(Beginning of Source data)
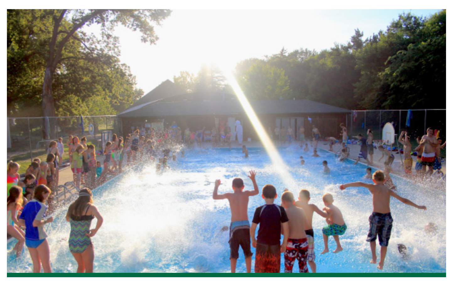
Above: Explorer campers and counselors begin jumping into the pool during their morning polar bear swim.
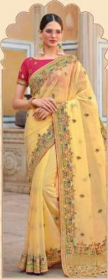
• 2306 •
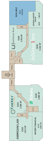
2ND FLOOR OFFICE SUITES
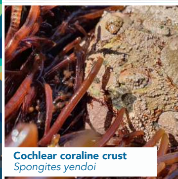
Cochlear coralline crust Spongites yendoi
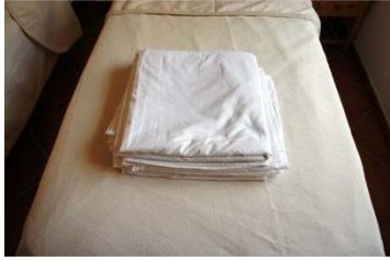
4 Single sheets
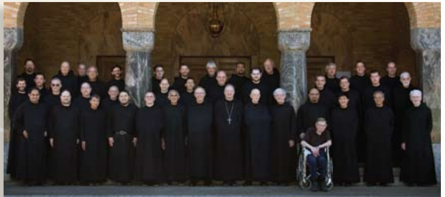
A new community photo is taken each year at the end of the annual retreat.

the Retreat. It is remarkable how different our monastic home seems during a retreat - the place is the same, but due to the silence and the clear spiritual focus, we experience God differently during a retreat than we do during the rest of the year. Each annual community retreat is a blessed time of spiritual renewal.
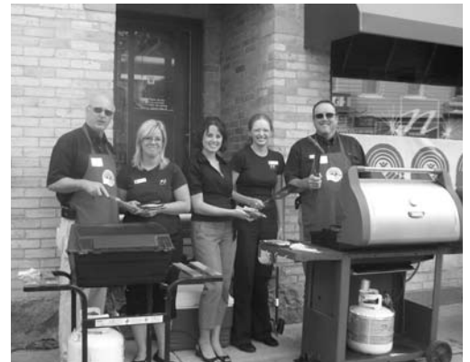
Nexicom staff take it to the streets of Millbrook with a BBQ for the United Way.
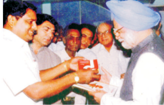
Dr. Manmohan Singh Hon'ble Ex. Prime Minister of India
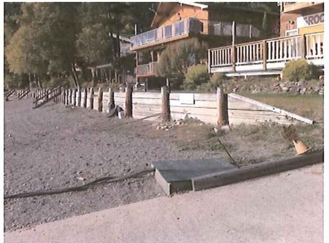
Totem South wall
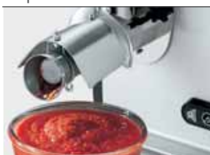
Passapomodoro per TC12
(End of Source data)
Goal of the exercise
Skip the pictures. Restate exactly the lines from the start of the entries through the line containing "A new community", both ends included.

Completed task
Above: Explorer campers and counselors begin jumping into the pool during their morning polar bear swim.
• 2306 •
2ND FLOOR OFFICE SUITES
Cochlear coralline crust Spongites yendoi
4 Single sheets
A new community photo is taken each year at the end of the annual retreat.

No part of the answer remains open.